主張
「普天間運用停止」
悪質な口約束を県民は許さぬ
菅義偉官房長官は先の沖縄訪問で、仲井真弘多(なかいまひろかず)知事が求める米軍普天間基地(宜野湾市)の「5年以内の運用停止」について、今年2月が起点になるとの考えを突然示しました(17日)。2019年2月までに運用停止にするという意味ですが、これまでの安倍晋三政権の言動からすれば本気で実現を考えた提案とは言えません。目前に迫った沖縄県知事選に向け、仲井真知事の「実績」にしようとしても、沖縄県民には通用するものではありません。
具体的道筋は示さず
「何の根拠もないリップサービスにすぎない」(沖縄タイムス)「県民を愚弄(ぐろう)する『普天間空手形』は要らない」(琉球新報)
菅長官が、仲井真知事の主張の通り、「普天間基地の5年以内運用停止」の起点を今年2月にするとの考えを示したことに、沖縄の19日付地元紙社説は痛烈な批判を浴びせました。

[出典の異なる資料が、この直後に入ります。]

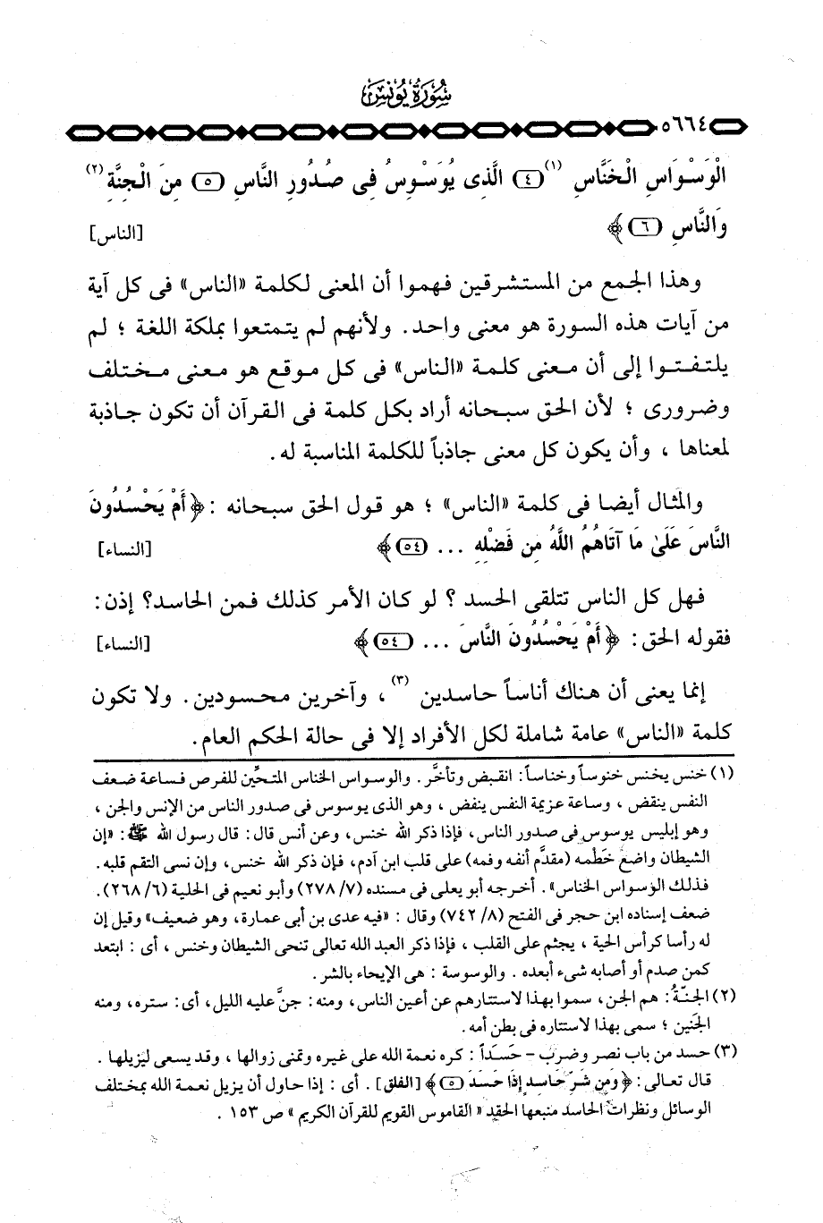 وهذا الجمع من المستشرقين فهموا أن المعنى لكلمة «الناس» في كل آية من آيات هذه السورة هو معنى واحد. ولنهم لم يتمتعوا بملكة اللغة؛ لم يلتفتوا إلى أن معنى كلمة «الناس» في كل موقع هو معنى مختلف وضروري؛ لأن الحق سبحانه أراد بكل كلمة في القرآن أن تكون جائبة لمعناها، وأن يكون كل معنى جاذباً للكلمة المناسبة له.
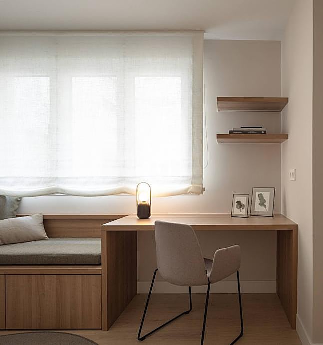 La iluminación ha sido otro aspecto muy cuidado. Las emprendedoras han trabajado la luz indirecta para transmitir una sensación placentera, sobre todo, de noche. Entre las firmas del mobiliario, destacan las siguientes: el puf de la entrada de Sancal, las mesas de centro de Stua, la alfombra del salón de KP, los taburetes de la cocina de Inclass y las mesas del dormitorio principal de Treku. Además, las cortinas están confeccionadas por Toral Decoración, cuya tienda se ubica en Las Arenas.
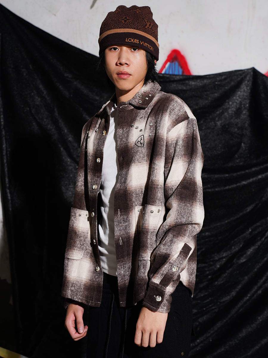 TGFCLUB Plaid Embroidered Rhinestone Long Sleeve Shirt | Face 3 Face
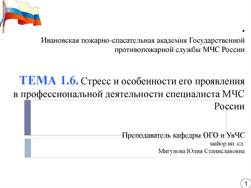 1. Ивановская пожарно-спасательная академия Государственной противопожарной службы МЧС России ТЕМА 1.6. Стресс и особенности его проявления
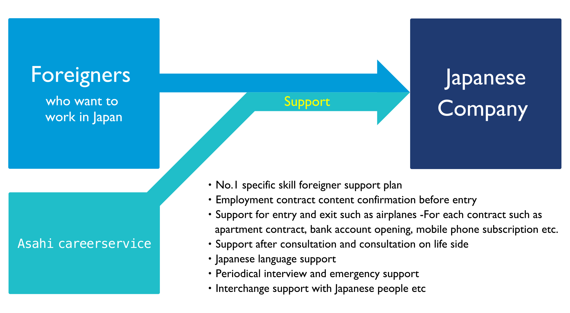 Asahi Career Service provides consistent support from acquisition procedure of status of residence "specific skills" to employment placement to Japanese companies. You have to meet the requirements of Japanese language ability and academic background, but please feel free to contact us first.
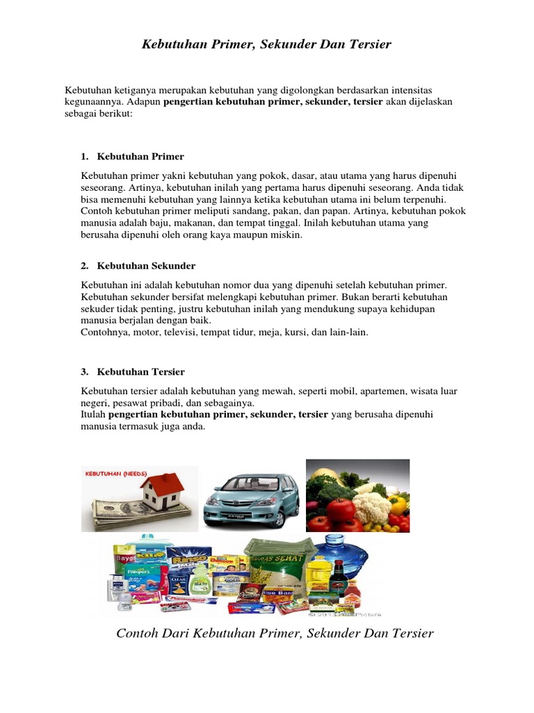 Kebutuhan tersier pengertian primer sekunder faktor contoh. Sebelum memenuhi kebutuhan hidup lainnya kebutuhan primer menjadi bagian. Semoga artikel ini dapat bermanfaat bagi sobat baik untuk mengerjakan tugas maupun untuk sekedar menambah wawasan tentang contoh kebutuhan primer kebutuhan primer kebutuhan manusia kebutuhan pokok manusia sandang pangan papan dan kebutuhan pokok. Contoh kebutuhan sekunder berdasarkan hierarki intensitas dan tingkat kegentinganya kebutuhan hidup manusia dapat diklasifikasikan menjadi 3 jenis yaitu kebutuhan primer kebutuhan sekunder dan kebutuhan tersier. Sekian artikel mengenai 20 contoh kebutuhan primer dengan gambar dan penjelasan. Contoh dari kebutuhan primer.
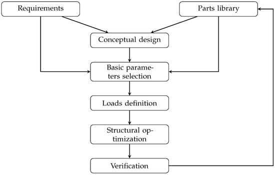 Design in a systems approach can be presented in the form of the so-called V-model of the product life cycle []. The V-model is an illustration of the product life cycle consisting of two branches in which the processes are arranged in the shape of the letter V. The left part lists the processes related to the design process, such as requirements definition, feasibility study, top-level system design, subsystems and components, and production and integration. In the right branch of the model, for each process of the left branch, there are corresponding processes verifying the compliance of the results with the requirements.
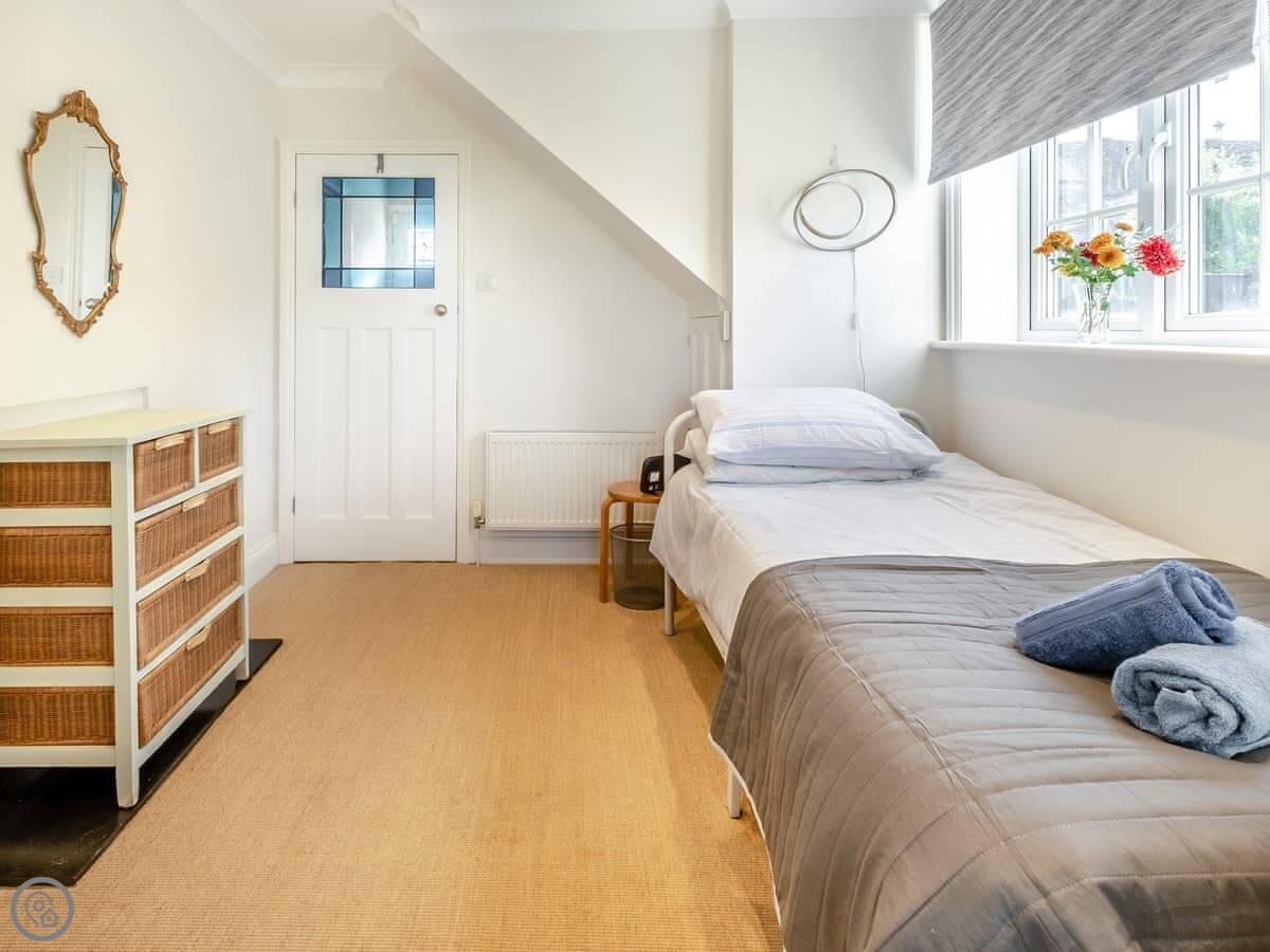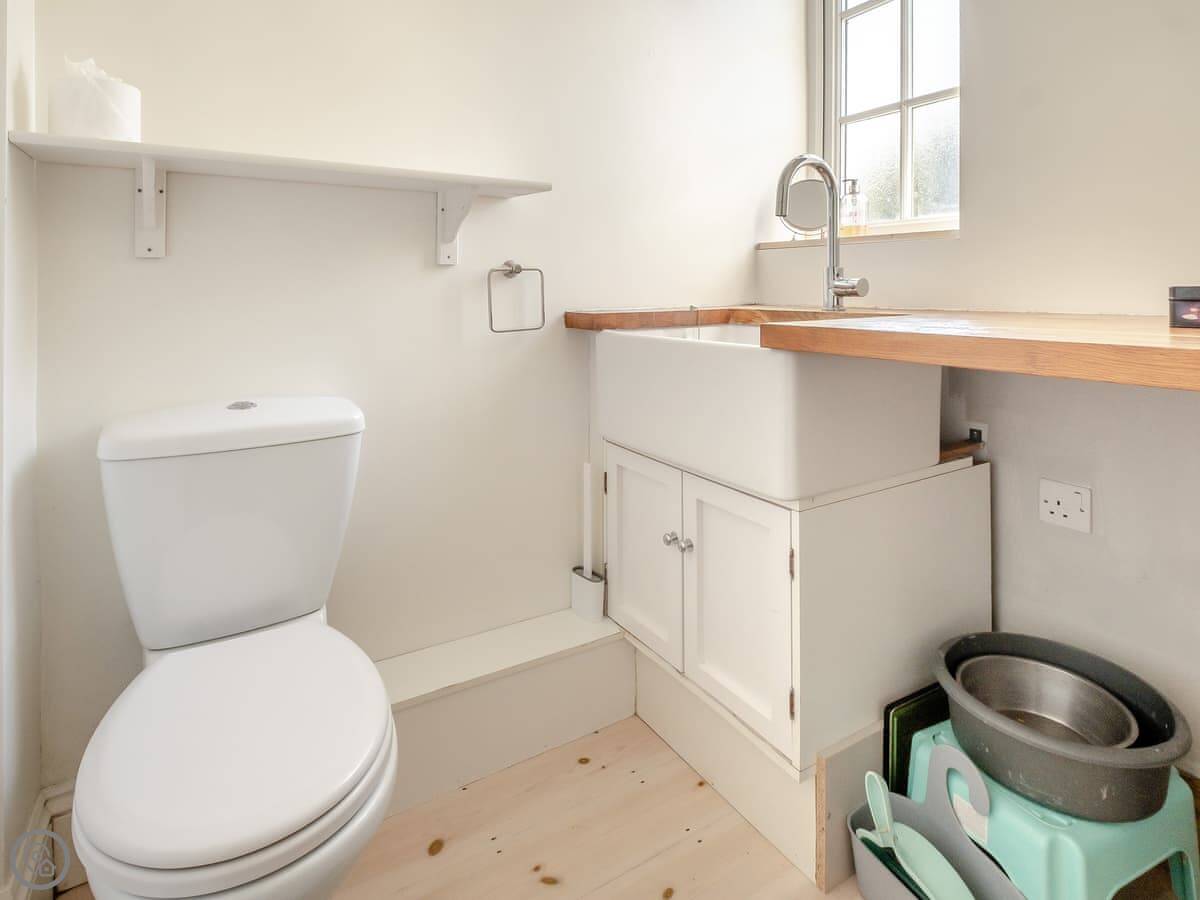 Sleeps five, but one of those is in a single bedroom downstairs. The other two bedrooms are up in the loft, a kingsize and a double. There's one bathroom, also upstairs. It's got a bath and a walk-in shower.

それもそのはずです。17日の沖縄訪問の8日前には、菅氏自身が「5年以内の運用停止」の起点をいつにするかは「いろんな考え方がある」(9日)と明言を避け、江渡聡徳(えとあきのり)防衛相も「決まっていない」(同)と述べていました。菅氏の沖縄訪問までの間に、政府内で、今年2月を起点にした「5年以内の運用停止」の実現可能性が真摯(しんし)に検討された形跡はまったくありません。
実際、菅氏は沖縄訪問で、「5年以内の運用停止」の具体的な道筋を何も示しませんでした。知事選対策の悪質な口約束であることは明らかです。
菅氏が具体策を口にできないのは、安倍政権が米政府との合意に縛られているからです。
日米両政府は昨年4月、沖縄の米軍基地に関する「統合計画」を発表しました。同計画は、普天間基地について「沖縄において代替施設が提供され次第、返還可能」だとし、名護市辺野古(へのこ)沿岸域への新基地建設を「返還条件」にしています。新基地の完成までには、調査・設計や工事などを合わせ、9年を見込んでいます。
在沖縄米軍トップのウィスラー4軍調整官は、新基地が辺野古に完成するまでは、普天間基地の運用を停止することは「できない」と明言しています(今年4月10日、ワシントン市内の講演)。
「5年以内の運用停止」を実現するには、日米が合意した新基地建設計画の工期をおよそ半分に大幅短縮させる必要がありますが、実現が極めて困難なのは誰の目からも明らかです。
安倍政権は7月、「5年以内の運用停止」に応えるとして、辺野古の新基地が完成するまで、普天間基地に配備されている垂直離着陸機オスプレイの部隊を佐賀空港に暫定移転する案を示しました。
新基地建設中止こそ
しかし、米側が難色を示したため、部隊の移転から訓練の移転にたちまちトーンダウンしました。そもそも沖縄県外への部隊移転が可能であれば、辺野古に新基地を建設する必要もありません。
安倍政権が普天間基地の「5年以内の運用停止」の条件として、辺野古への新基地建設をはじめ代替基地の確保に固執する限り、実現は不可能です。普天間基地の無条件即時撤去、辺野古への新基地建設中止こそ、沖縄県民多数の願いに応える唯一の道です。